3. Andrea Matta is Distinguished Professor at the Department of Industrial Engineering and Management, School of Mechanical Engineering, Shanghai Jiao Tong University (SJTU). He graduated in Industrial Engineering at Politecnico di Milano where he developed his teaching and research activities as temporary Researcher from 1997 to 2001, Assistant Professor from 2001 to 2010 and Associate Professor from 2010. His research area includes analysis, design and management of production and health care systems. He currently teaches Stochastic Models and System Modeling & Simulation at SJTU. He has published more than 100 hundred papers appeared on international journals and conference proceedings.

4. Bengt Lennartson received the Ph.D. degree in automatic control from Chalmers University of Technology, Gothenburg, Sweden, in 1986. Since 1999, he has been a Professor of the Chair of Automation, Department of Signals and Systems.
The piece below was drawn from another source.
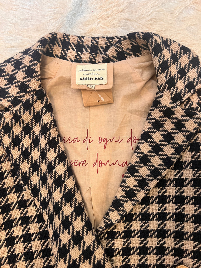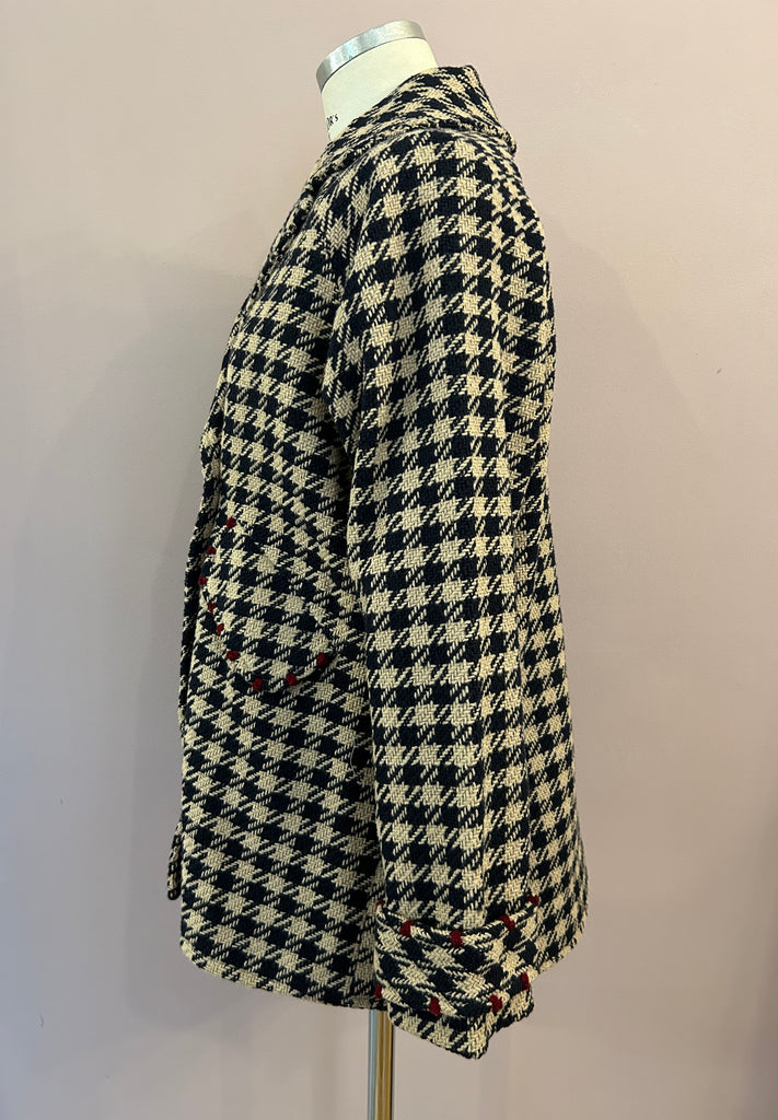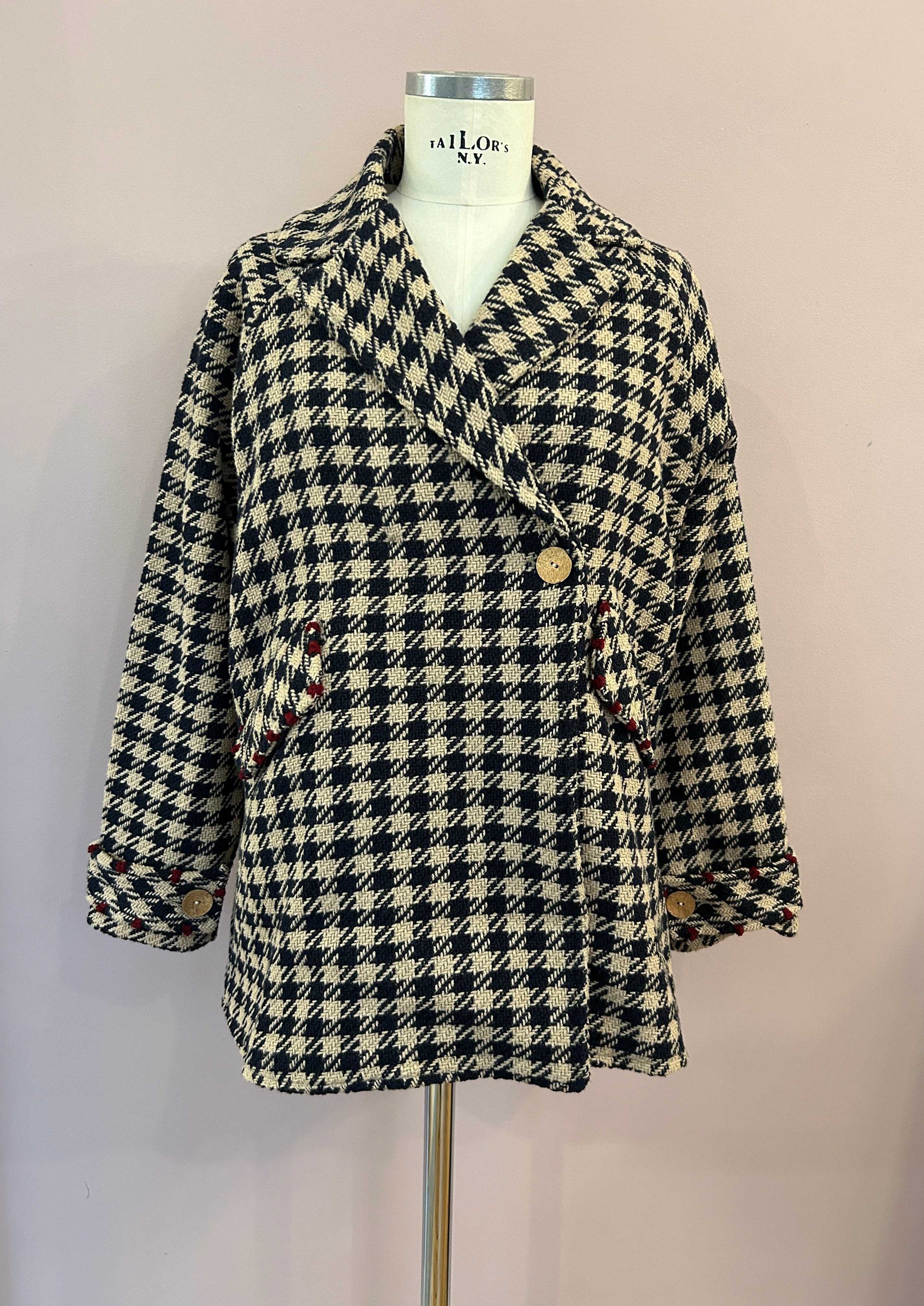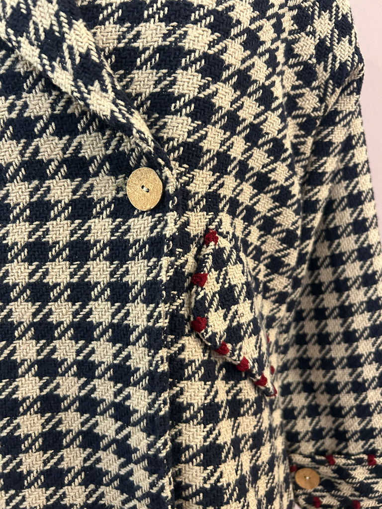 Oversized geschnittener Kurzmantel aus Tweed mit stilisiertem Hahnentritt in Dunkelblau und Sand von Alessia Santi. Der aus einem Baumwollmix mit Schurwolle gefertigte 3/4-Mantel hat schöne Raglanärmeln und eine verlängerte, gebogte Rückenpartie mit einer Kellerfalte für angenehme Weite. Er hat ein steigendes Revers, Pattentaschen und ein Schließknopfpaar, von dem ein Knopf verdeckt ist. Die Patten der Taschen und die Riegel an den Armabschlüssen sind mit kontrastierenden Details in Dunkelrot versehen, die dem zeitlosen Kurzmantel einen modischen Twist verleihen.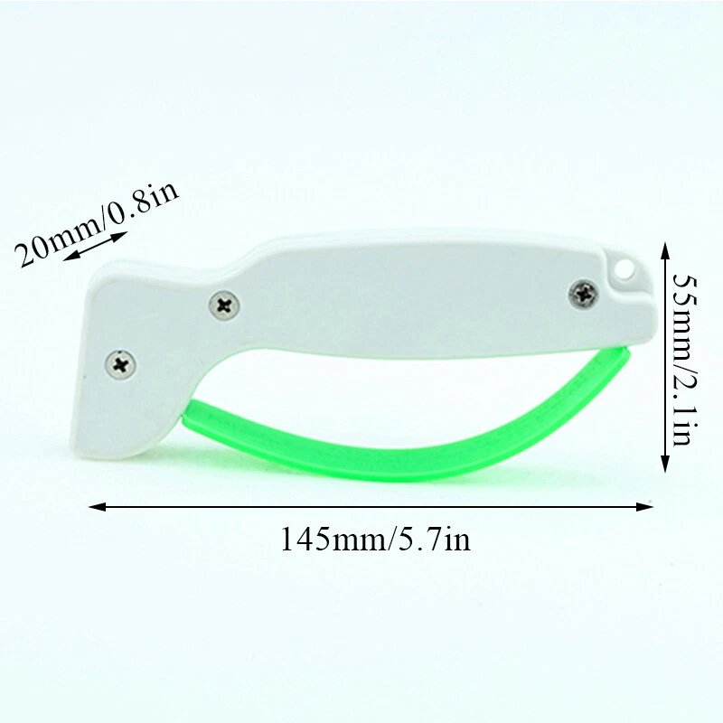 Features: *Sharpening blades are crafted from diamond-honed tungsten carbide, one of the hardest known materials. *With it's unique design, the sharpening blades can be reversed doubling its life span. *Allows you to sharpen most blades in about 10 seconds. *Full-length cover for right - and left-handed users to protect your fingers throughout the sharpening process. *The sharpeners don't rust and can be easily cleaned with soap and water or in a dishwasher. *This is the perfect sharpener for chef cutters, paring cutters, filleting cutters, meat cleavers. *Not suitable for serrated cutters, ceramic cutters, scissors. Specifications: 100% Brand new and high quality. Size:145*55mm/5.7*2.1inch Color: green Material: Plastic,Tungsten Steel Note: 1.Due to the light and screen difference, the item's color may be slightly different from the pictures. Please understand. Package:1 pcs Handheld Sharpener On Jan 14, 2025 at 22:26:27 PST, seller added the following information:

He was Dean of Education at Chalmers University of Technology from 2004 to 2007, and since 2005 he is a Guest Professor at University West, Trollhättan. He has been a Visiting Professor at University of Newcastle, Australia and University of Cagliari, Italy. He was General Chair of WODES 2008 and Associate Editor for Automatica 2002-2005, and currently he is Co-Chair of the RAS-TC on Sustainable Production Automation, Associate Editor for IEEE Transaction on Automation Science and Engineering, and General Chair of IEEE CASE 2015. He is (co)author of two books and more than 260 peer reviewed international papers. His main areas of interest include discrete event and hybrid systems, especially for manufacturing applications, as well as robust feedback control.

6. Liang Zhang received the B.E. and M.E. degrees from the Center for Intelligent and Networked Systems (CFINS), Department of Automation, Tsinghua University, Beijing, China, in 2002 and 2004, respectively, and the Ph.D. degree in Electrical Engineering – Systems from the University of Michigan, Ann Arbor, USA, in 2009. He is currently an Assistant Professor at the Department of Electrical and Computer Engineering, University of Connecticut (UConn). Before joining UConn, he was with the Department of Industrial and Manufacturing Engineering, University of Wisconsin-Milwaukee from 2009 to 2013. His research interests include modeling, analysis, improvement, design, control, and energy-efficient operations of manufacturing and service systems, as well as modeling and analysis of battery equalization systems.